■ TASK TO COMPLETE: Go through the data and copy every line exactly, but not the images.

■ DATA:
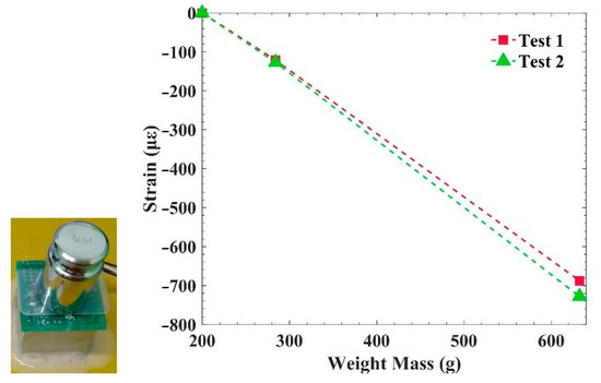 The changes in strain in Figure 4 show that the deformation direction of the PCB caused by weight gravity is consistent with that caused by the potting adhesive’s shrinkage stress, and the strain of the PCB is around −728.1 με when the weight gravity is 633 g. This phenomenon verifies that the shrinkage stress occurs contrary to the acceleration direction, which indicates that the PCB may receive a certain deformation in the direction of acceleration before launch. At the same time, it can be seen from the results that the shrinkage stress and strain caused by the potting adhesive are relatively large, able to reach the effect of loading hundreds of grams.
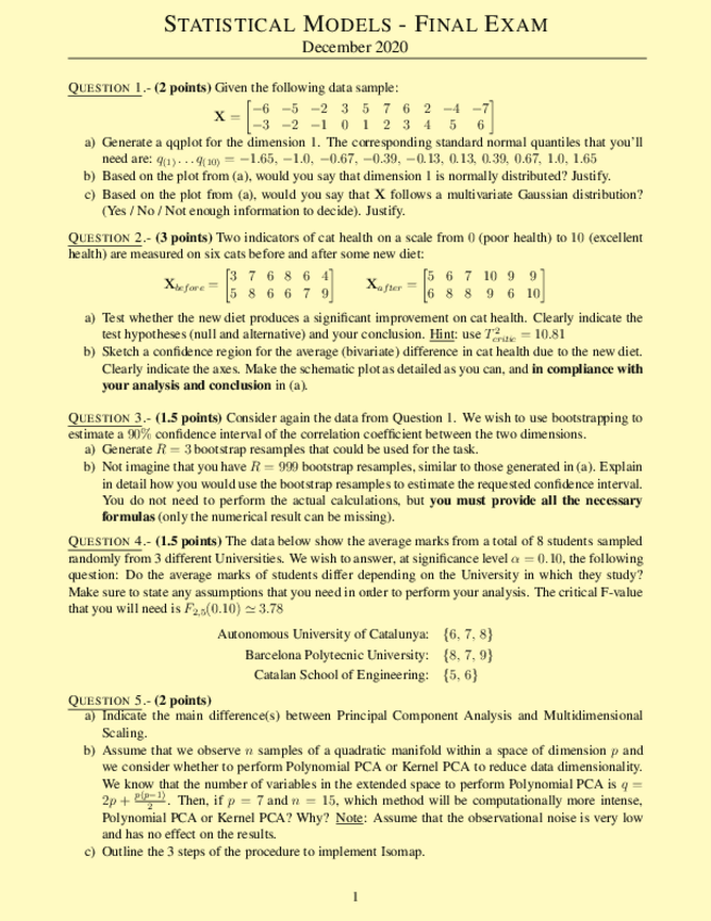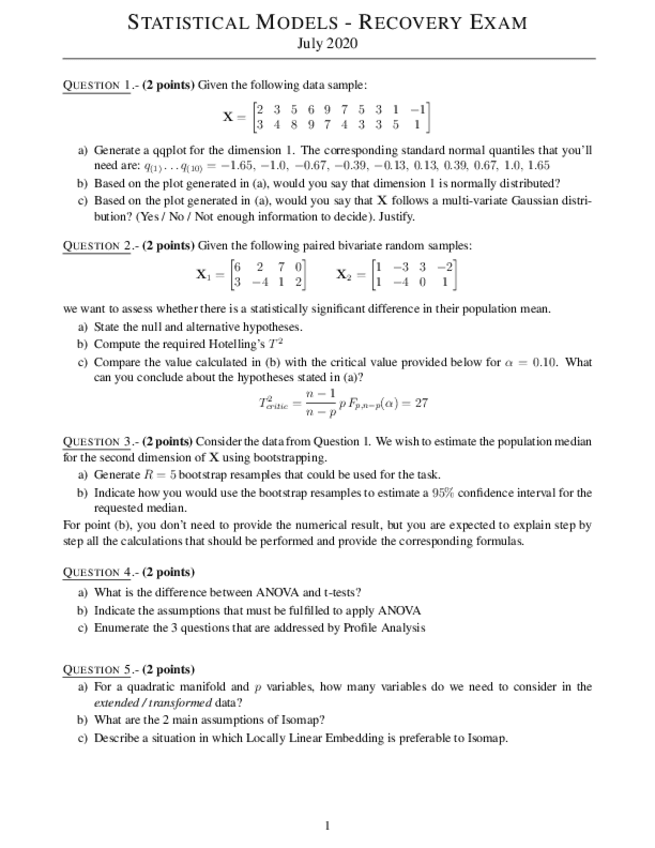 Statistical Models Exams
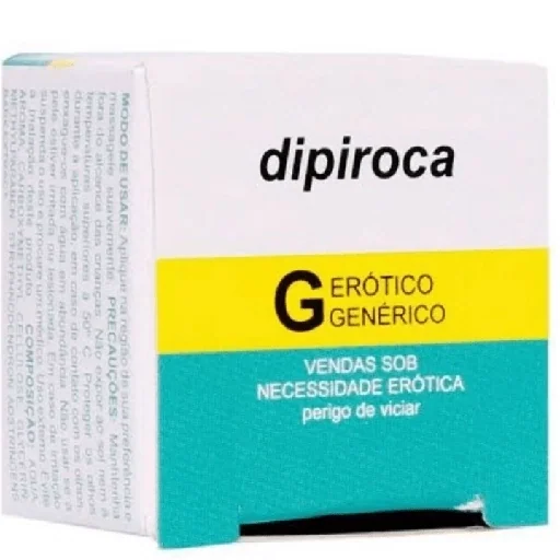 Caixa de produto com rótulo 'dipiroca' e faixas coloridas, texto 'ERÓTICO GENÉRICO' e 'VENDAS SOB NECESSIDADE EROTICA'.
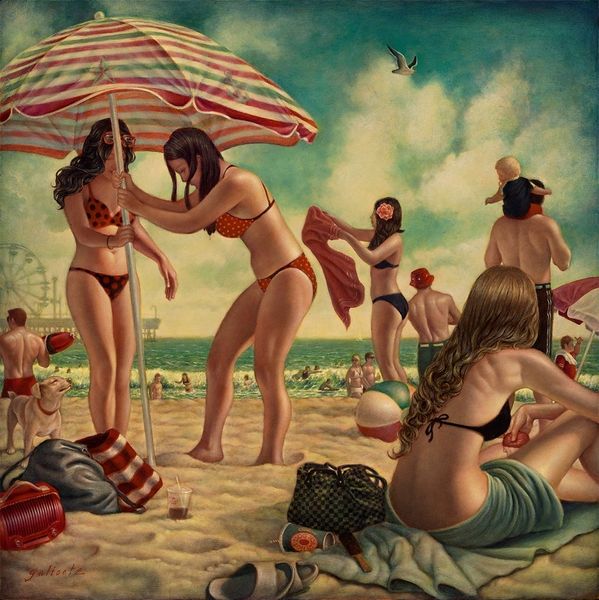 Danny Galieote painted Max's Day Out sometime in the 20th century using oil on canvas, a traditional fine art medium and support. The figures on the beach are rendered with remarkable realism, a direct result of the artist’s technique. Oil paint allows for layering and blending, critical for achieving the subtle gradations of light and shadow visible on the figures' skin. The scene is built up with carefully observed details, like the texture of the beach towel and the graininess of the sand. There is a consumerist touch, too, in the presence of mass-produced leisure items like the beach umbrella, ball, and sandals. The labor is less apparent here than in some other art forms. But the labor of leisure is represented. The people who are depicted are enjoying the fruits of their labor and the consumer products born out of industrialization. Understanding the artist’s skillful manipulation of his materials and the scene itself enriches our appreciation of this painting, highlighting how it transcends conventional boundaries of art and social life.

■ EXERCISE OUTPUT:
 The changes in strain in Figure 4 show that the deformation direction of the PCB caused by weight gravity is consistent with that caused by the potting adhesive’s shrinkage stress, and the strain of the PCB is around −728.1 με when the weight gravity is 633 g. This phenomenon verifies that the shrinkage stress occurs contrary to the acceleration direction, which indicates that the PCB may receive a certain deformation in the direction of acceleration before launch. At the same time, it can be seen from the results that the shrinkage stress and strain caused by the potting adhesive are relatively large, able to reach the effect of loading hundreds of grams.
 Statistical Models Exams
 Caixa de produto com rótulo 'dipiroca' e faixas coloridas, texto 'ERÓTICO GENÉRICO' e 'VENDAS SOB NECESSIDADE EROTICA'.
 Danny Galieote painted Max's Day Out sometime in the 20th century using oil on canvas, a traditional fine art medium and support. The figures on the beach are rendered with remarkable realism, a direct result of the artist’s technique. Oil paint allows for layering and blending, critical for achieving the subtle gradations of light and shadow visible on the figures' skin. The scene is built up with carefully observed details, like the texture of the beach towel and the graininess of the sand. There is a consumerist touch, too, in the presence of mass-produced leisure items like the beach umbrella, ball, and sandals. The labor is less apparent here than in some other art forms. But the labor of leisure is represented. The people who are depicted are enjoying the fruits of their labor and the consumer products born out of industrialization. Understanding the artist’s skillful manipulation of his materials and the scene itself enriches our appreciation of this painting, highlighting how it transcends conventional boundaries of art and social life.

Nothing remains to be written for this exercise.